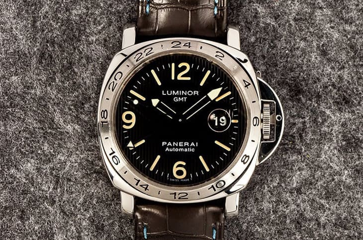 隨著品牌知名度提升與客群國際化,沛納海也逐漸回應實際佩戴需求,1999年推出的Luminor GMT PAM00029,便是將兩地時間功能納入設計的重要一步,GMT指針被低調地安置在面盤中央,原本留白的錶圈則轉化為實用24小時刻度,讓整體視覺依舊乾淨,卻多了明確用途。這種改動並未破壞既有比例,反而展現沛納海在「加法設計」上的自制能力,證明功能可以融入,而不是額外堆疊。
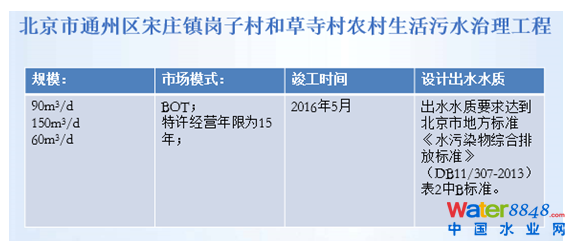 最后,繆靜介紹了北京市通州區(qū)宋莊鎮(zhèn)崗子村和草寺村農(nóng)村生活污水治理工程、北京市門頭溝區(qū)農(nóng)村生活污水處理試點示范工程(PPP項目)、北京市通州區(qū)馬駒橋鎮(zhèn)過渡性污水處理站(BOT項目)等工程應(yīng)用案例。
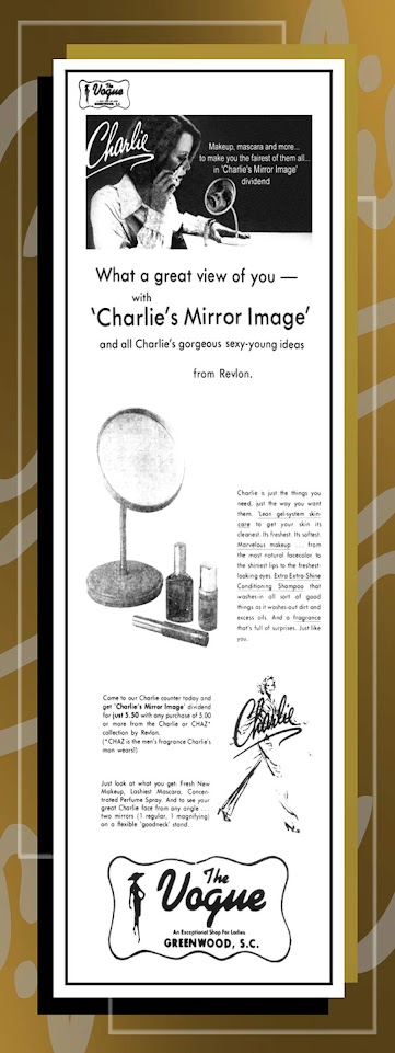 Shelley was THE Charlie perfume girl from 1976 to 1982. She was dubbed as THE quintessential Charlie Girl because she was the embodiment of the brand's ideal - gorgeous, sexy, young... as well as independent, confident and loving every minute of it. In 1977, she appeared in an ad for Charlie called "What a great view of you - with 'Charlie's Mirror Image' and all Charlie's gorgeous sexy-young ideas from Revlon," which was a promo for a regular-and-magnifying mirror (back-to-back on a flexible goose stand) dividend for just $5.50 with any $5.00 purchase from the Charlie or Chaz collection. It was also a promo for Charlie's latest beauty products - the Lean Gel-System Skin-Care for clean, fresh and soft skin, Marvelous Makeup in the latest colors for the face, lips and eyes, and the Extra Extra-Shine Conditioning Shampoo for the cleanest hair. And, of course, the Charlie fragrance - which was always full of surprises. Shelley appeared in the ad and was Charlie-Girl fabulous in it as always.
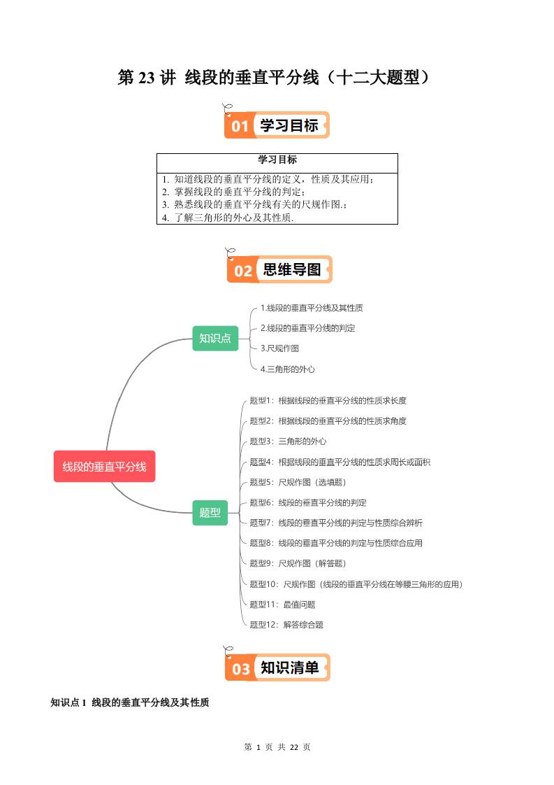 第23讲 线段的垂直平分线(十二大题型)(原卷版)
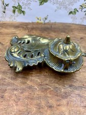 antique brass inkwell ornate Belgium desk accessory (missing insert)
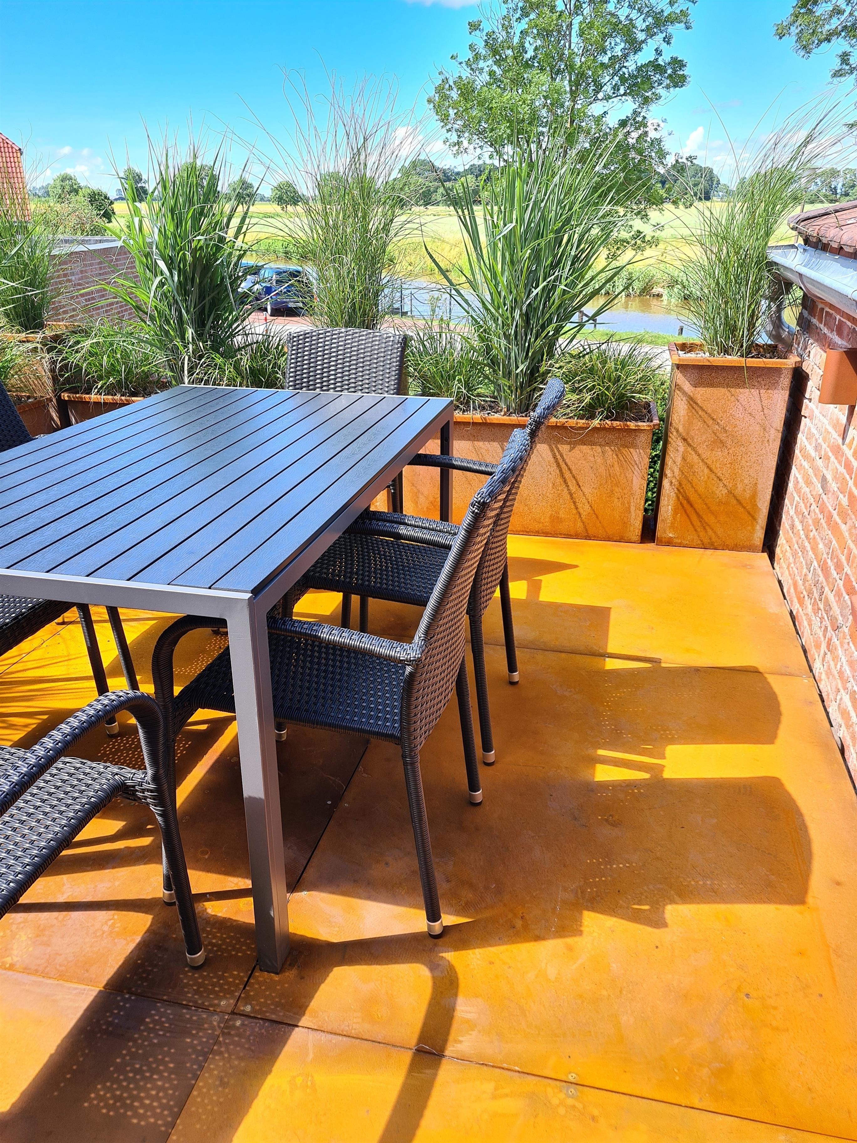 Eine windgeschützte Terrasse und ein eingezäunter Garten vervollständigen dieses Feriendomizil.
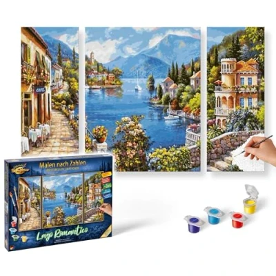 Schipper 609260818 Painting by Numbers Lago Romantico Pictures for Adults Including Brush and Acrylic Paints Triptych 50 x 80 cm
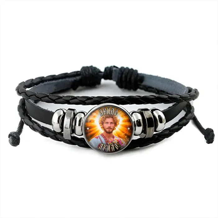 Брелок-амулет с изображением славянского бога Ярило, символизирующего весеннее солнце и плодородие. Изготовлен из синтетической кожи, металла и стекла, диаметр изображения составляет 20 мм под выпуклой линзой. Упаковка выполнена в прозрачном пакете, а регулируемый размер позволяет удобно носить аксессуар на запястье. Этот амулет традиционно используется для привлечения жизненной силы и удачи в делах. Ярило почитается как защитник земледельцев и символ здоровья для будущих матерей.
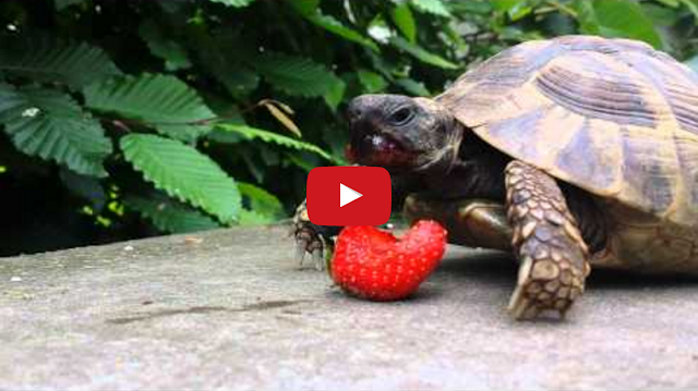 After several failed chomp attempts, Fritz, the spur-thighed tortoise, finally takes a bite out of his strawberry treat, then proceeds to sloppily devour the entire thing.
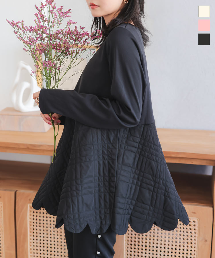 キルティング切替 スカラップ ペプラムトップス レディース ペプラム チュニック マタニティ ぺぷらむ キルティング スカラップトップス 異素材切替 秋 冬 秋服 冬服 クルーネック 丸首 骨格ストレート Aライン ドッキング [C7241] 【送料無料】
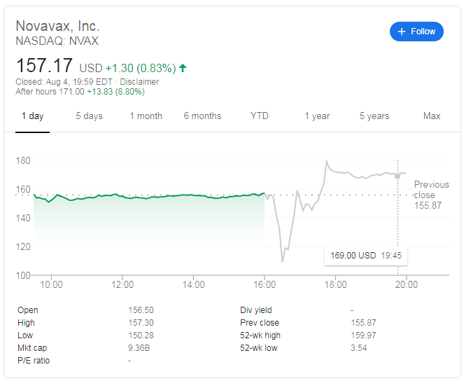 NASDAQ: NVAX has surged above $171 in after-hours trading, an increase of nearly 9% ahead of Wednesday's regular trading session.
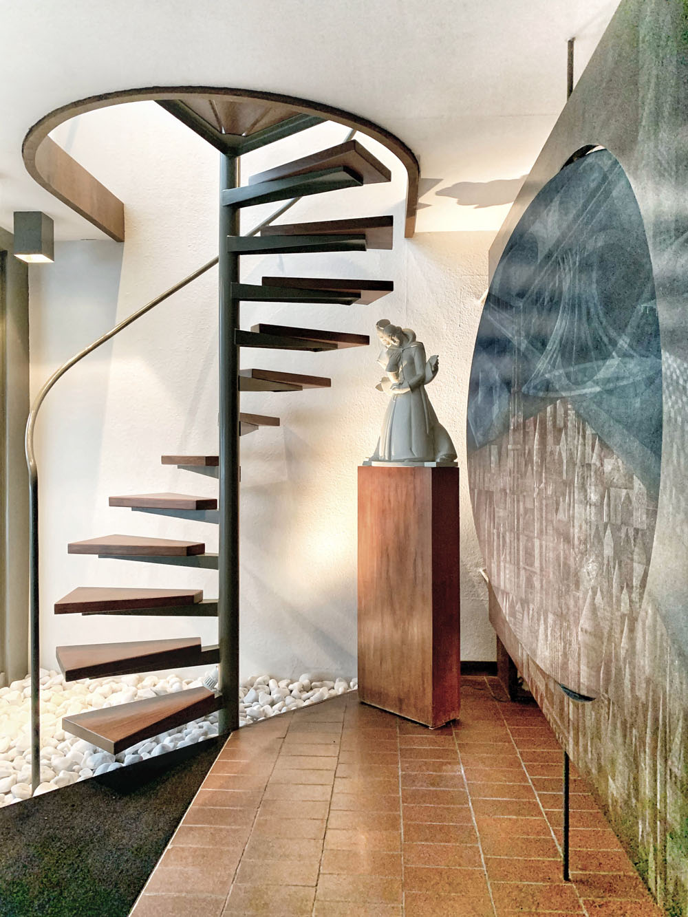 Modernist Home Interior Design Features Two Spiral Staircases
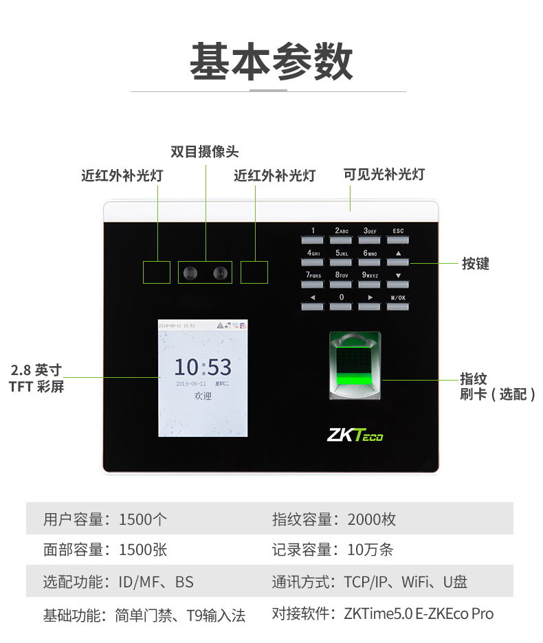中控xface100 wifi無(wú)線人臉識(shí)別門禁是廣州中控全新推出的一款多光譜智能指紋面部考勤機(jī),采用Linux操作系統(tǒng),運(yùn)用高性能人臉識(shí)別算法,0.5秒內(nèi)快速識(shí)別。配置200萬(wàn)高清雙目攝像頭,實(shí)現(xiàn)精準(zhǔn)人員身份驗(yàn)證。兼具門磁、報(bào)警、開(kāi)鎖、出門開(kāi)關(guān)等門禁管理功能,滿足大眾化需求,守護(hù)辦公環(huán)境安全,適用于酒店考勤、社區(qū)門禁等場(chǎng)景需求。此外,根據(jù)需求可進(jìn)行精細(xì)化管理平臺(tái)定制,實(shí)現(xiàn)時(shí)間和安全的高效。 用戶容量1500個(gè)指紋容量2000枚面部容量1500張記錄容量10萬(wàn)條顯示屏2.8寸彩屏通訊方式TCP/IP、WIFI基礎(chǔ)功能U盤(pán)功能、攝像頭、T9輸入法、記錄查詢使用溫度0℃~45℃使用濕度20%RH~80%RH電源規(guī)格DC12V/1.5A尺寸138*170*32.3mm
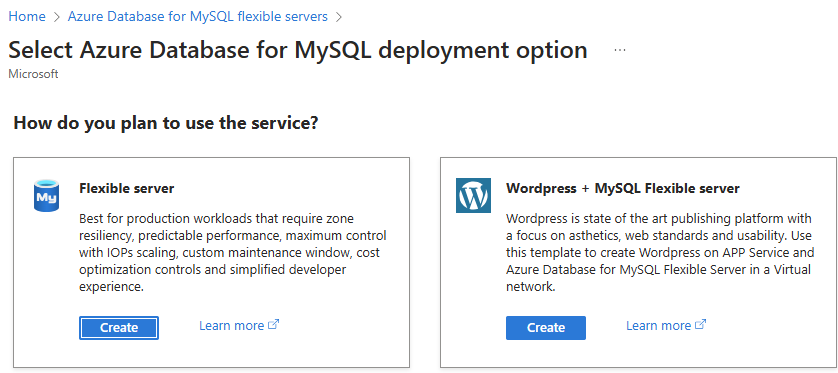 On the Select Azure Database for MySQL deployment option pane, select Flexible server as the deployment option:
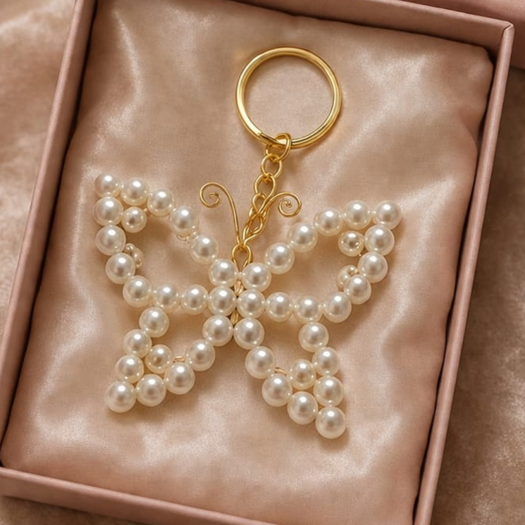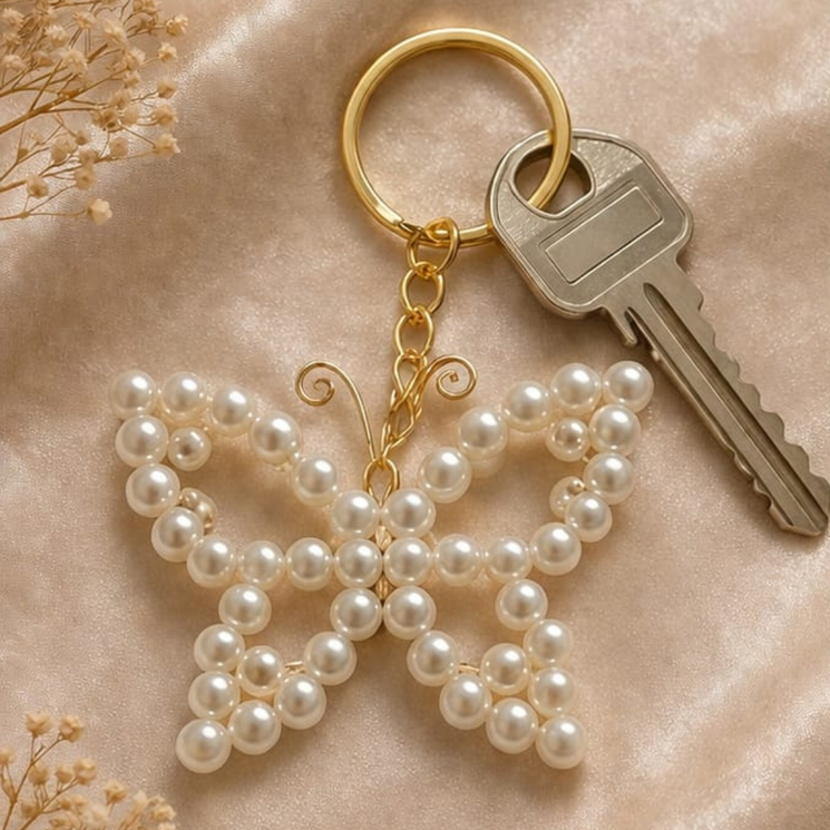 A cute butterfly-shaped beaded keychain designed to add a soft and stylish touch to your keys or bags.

(Your objective) All of the material shown above needs to be duplicated exactly. Omit every picture.

(Exercise answer)
 隨著品牌知名度提升與客群國際化,沛納海也逐漸回應實際佩戴需求,1999年推出的Luminor GMT PAM00029,便是將兩地時間功能納入設計的重要一步,GMT指針被低調地安置在面盤中央,原本留白的錶圈則轉化為實用24小時刻度,讓整體視覺依舊乾淨,卻多了明確用途。這種改動並未破壞既有比例,反而展現沛納海在「加法設計」上的自制能力,證明功能可以融入,而不是額外堆疊。
 最后,繆靜介紹了北京市通州區(qū)宋莊鎮(zhèn)崗子村和草寺村農(nóng)村生活污水治理工程、北京市門頭溝區(qū)農(nóng)村生活污水處理試點示范工程(PPP項目)、北京市通州區(qū)馬駒橋鎮(zhèn)過渡性污水處理站(BOT項目)等工程應(yīng)用案例。
 Shelley was THE Charlie perfume girl from 1976 to 1982. She was dubbed as THE quintessential Charlie Girl because she was the embodiment of the brand's ideal - gorgeous, sexy, young... as well as independent, confident and loving every minute of it. In 1977, she appeared in an ad for Charlie called "What a great view of you - with 'Charlie's Mirror Image' and all Charlie's gorgeous sexy-young ideas from Revlon," which was a promo for a regular-and-magnifying mirror (back-to-back on a flexible goose stand) dividend for just $5.50 with any $5.00 purchase from the Charlie or Chaz collection. It was also a promo for Charlie's latest beauty products - the Lean Gel-System Skin-Care for clean, fresh and soft skin, Marvelous Makeup in the latest colors for the face, lips and eyes, and the Extra Extra-Shine Conditioning Shampoo for the cleanest hair. And, of course, the Charlie fragrance - which was always full of surprises. Shelley appeared in the ad and was Charlie-Girl fabulous in it as always.
 第23讲 线段的垂直平分线(十二大题型)(原卷版)
 antique brass inkwell ornate Belgium desk accessory (missing insert)
 Eine windgeschützte Terrasse und ein eingezäunter Garten vervollständigen dieses Feriendomizil.
 Schipper 609260818 Painting by Numbers Lago Romantico Pictures for Adults Including Brush and Acrylic Paints Triptych 50 x 80 cm
 Брелок-амулет с изображением славянского бога Ярило, символизирующего весеннее солнце и плодородие. Изготовлен из синтетической кожи, металла и стекла, диаметр изображения составляет 20 мм под выпуклой линзой. Упаковка выполнена в прозрачном пакете, а регулируемый размер позволяет удобно носить аксессуар на запястье. Этот амулет традиционно используется для привлечения жизненной силы и удачи в делах. Ярило почитается как защитник земледельцев и символ здоровья для будущих матерей.
 After several failed chomp attempts, Fritz, the spur-thighed tortoise, finally takes a bite out of his strawberry treat, then proceeds to sloppily devour the entire thing.
 キルティング切替 スカラップ ペプラムトップス レディース ペプラム チュニック マタニティ ぺぷらむ キルティング スカラップトップス 異素材切替 秋 冬 秋服 冬服 クルーネック 丸首 骨格ストレート Aライン ドッキング [C7241] 【送料無料】
 NASDAQ: NVAX has surged above $171 in after-hours trading, an increase of nearly 9% ahead of Wednesday's regular trading session.
 Modernist Home Interior Design Features Two Spiral Staircases
中控xface100 wifi無(wú)線人臉識(shí)別門禁是廣州中控全新推出的一款多光譜智能指紋面部考勤機(jī),采用Linux操作系統(tǒng),運(yùn)用高性能人臉識(shí)別算法,0.5秒內(nèi)快速識(shí)別。配置200萬(wàn)高清雙目攝像頭,實(shí)現(xiàn)精準(zhǔn)人員身份驗(yàn)證。兼具門磁、報(bào)警、開(kāi)鎖、出門開(kāi)關(guān)等門禁管理功能,滿足大眾化需求,守護(hù)辦公環(huán)境安全,適用于酒店考勤、社區(qū)門禁等場(chǎng)景需求。此外,根據(jù)需求可進(jìn)行精細(xì)化管理平臺(tái)定制,實(shí)現(xiàn)時(shí)間和安全的高效。 用戶容量1500個(gè)指紋容量2000枚面部容量1500張記錄容量10萬(wàn)條顯示屏2.8寸彩屏通訊方式TCP/IP、WIFI基礎(chǔ)功能U盤(pán)功能、攝像頭、T9輸入法、記錄查詢使用溫度0℃~45℃使用濕度20%RH~80%RH電源規(guī)格DC12V/1.5A尺寸138*170*32.3mm
 On the Select Azure Database for MySQL deployment option pane, select Flexible server as the deployment option:
 A cute butterfly-shaped beaded keychain designed to add a soft and stylish touch to your keys or bags.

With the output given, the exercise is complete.